Вот. Что мне сказать об обвинениях, о расследовании, о статьях, о процессе? Что сказать о том, как институт отправил меня в административный отпуск (заверив сначала, что во всем меня поддерживает), о цитатах неназванных сотрудников, которые начали появляться в статьях «Нью-Йорк таймс», «Вашингтон пост», «Уолл-стрит джорнал»? Что мне сказать о том, как у меня отняли оставшихся детей, как не дали общаться с Виктором, как меня арестовали, когда я появился у дверей его общежития – я просто хотел поговорить с ним, а на мои звонки и письма он не отвечал, – и арестовали как преступника, несмотря на совершенно законное желание вступить в разговор? Я из своих денег оплатил комнату, в которой он прятался и смеялся надо мной, и оказался-то он там на мои деньги.

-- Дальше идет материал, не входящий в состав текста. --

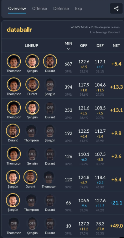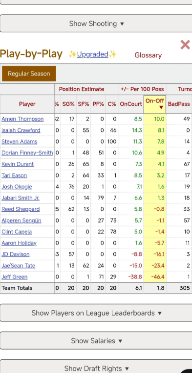 申京在没有阿门和杜兰特,单独带队的时候效率值-21,说明他也没带队能力。 他不是和谁搭,和谁不搭的问题,他是实力不够,显得他和谁都不适配,on-off他也是负的,这赛季除了bpm其他高阶都不咋样了,凭一己之力让bpm可信度暴跌。
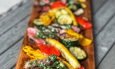 Scatter the grilled vegetables around and on top of the protein on the board.
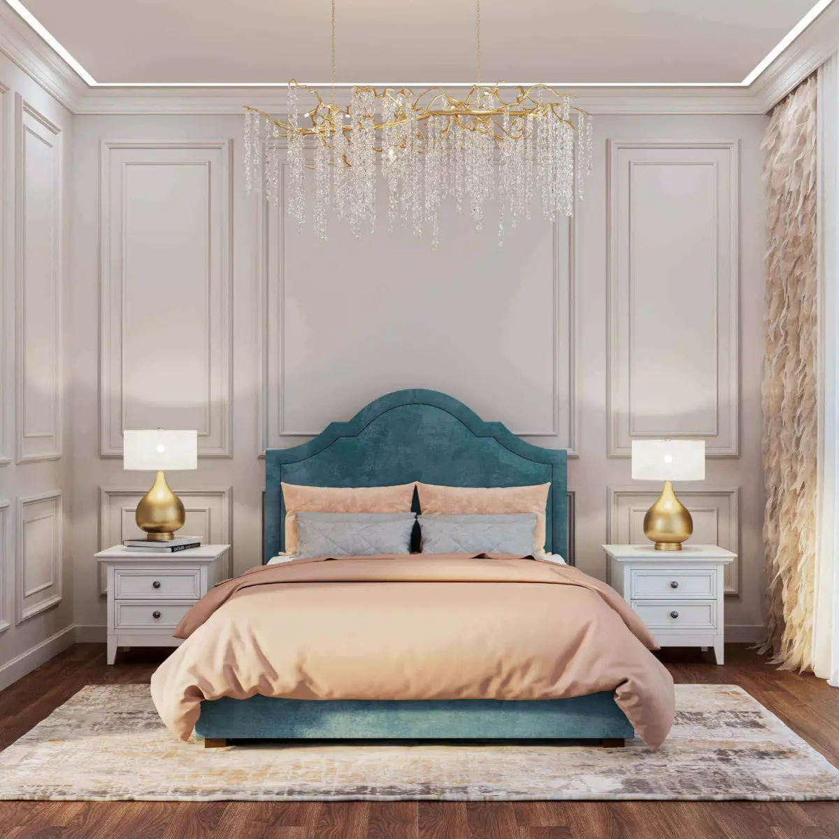 Included are neutral white-background views and a styled classic luxury bedroom scene (props like lamps/tables for display only, not included)
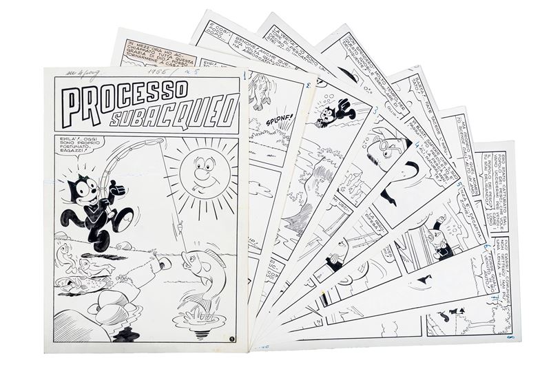 Storia completa composta da 8 tavole originali realizzate da Dossi per "Processo subacqueo", edita su Gatto Felix n. 5 nel 1965. Prima storia in assoluto di Felix da essere disegnata da Dossi. Firmata al retro di ogni pagina.
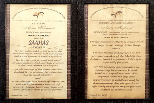 Two incredible young activists from MJAS were honored for their bravery: Annu Kumari, who courageously annulled her child marriage and advocated for the education of Dalit Girls Aarti Meghwal, a 16 year old girl who fought against her own child marriage and emerged as a leader in her village
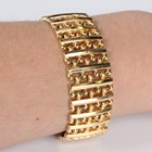 A gold wide bracelet in a bar and beaded link design, on a snap clasp, detailed '252 VI 750', weight 33.1g, length 20.5cm.
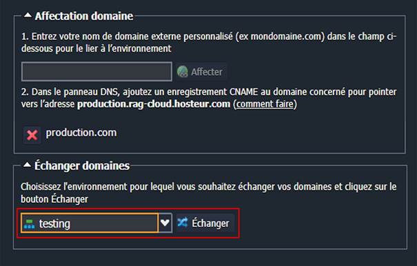 3. Choisissez l'environnement avec lequel vous souhaitez échanger vos domaines (dans notre cas, l'environnement testing) et appuyez sur le bouton Echanger. Tout de suite après, les noms de domaine externes des deux environnements seront échangés.
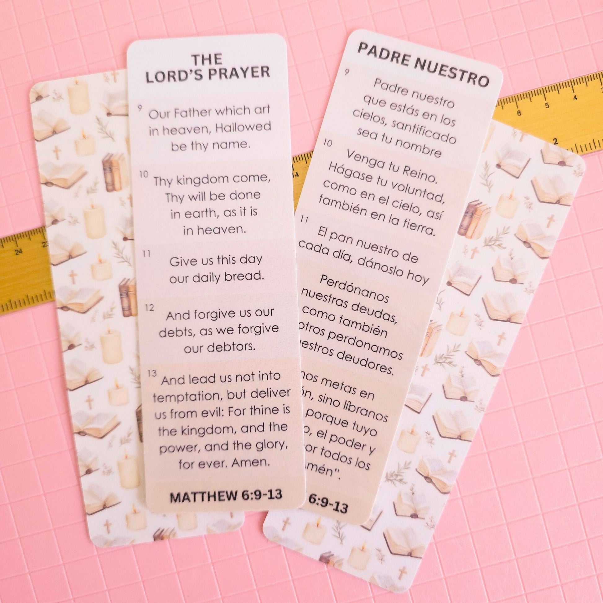 Handmade with love, The Lord's Prayer bookmarks are printed on cardstock, feature a double-sided design, and are laminated for durability.
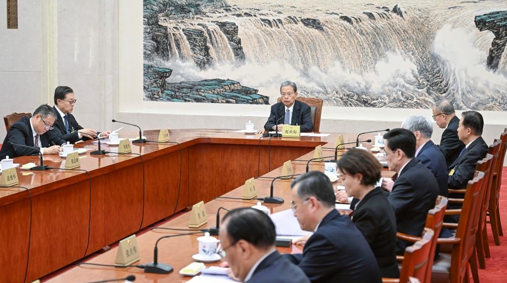Zhao Leji, chairman of the National People's Congress (NPC) Standing Committee, presides over a meeting of the Council of Chairpersons of the NPC Standing Committee at the Great Hall of the People in Beijing, capital of China, Feb. 25, 2026. [Photo/Xinhua]

Но хотя все это было чудовищно и невыносимо, хуже всего оказалось не осознание моих быстро сокращающихся прав – каждый день был отмечен новым предательством, новым унижением, новым оскорблением; хуже всего мне пришлось, когда я узнал об участии Оуэна: после того как однажды вечером Виктор ему позвонил, именно он побудил его пойти в полицию, именно он помог ему найти адвоката, он выписывал чеки колледжу, когда я прекратил это делать. Мой собственный брат, мой близнец, мой вечный спутник, предпочел ребенка мне. Я не мог этого вместить и до сих пор не могу.
Были и другие подробности. Виктор подружился с Ксерксом, сожителем Оуэна (хотелось бы знать как – разве такие отношения, между взрослым мужчиной и мальчиком-студентом, сами по себе не кажутся подозрительными?), и это Ксеркс рассказал Оуэну про обвинения Виктора, и, видимо, Ксеркс убедил Оуэна в их правдивости. Эти сведения дошли до меня в виде обрывков – один неприятный кусочек, другой сомнительный фрагмент – от тех немногих детей, которые решили, что будут верить мне, человеку, платившему за них и растившему их все эти годы, а не Виктору. Я, разумеется, радовался этой их верности, но их оказалось очень мало, совсем мало – гораздо меньше, чем я предполагал и ожидал, – и время от времени я приходил в ярость оттого, что мне вообще приходится испытывать за это благодарность, что я вынужден считать исключительной единственно правильную и разумную реакцию.
В конечном счете я виню не Ксеркса, а Оуэна.
– Кто ты вообще такой? – спросил я его во время нашего последнего разговора, одного из немногих, которые состоялись между выдвижением обвинений и процессом, – а после мы больше никогда не разговаривали.
– Ты кто такой? – прошипел он и бросил трубку.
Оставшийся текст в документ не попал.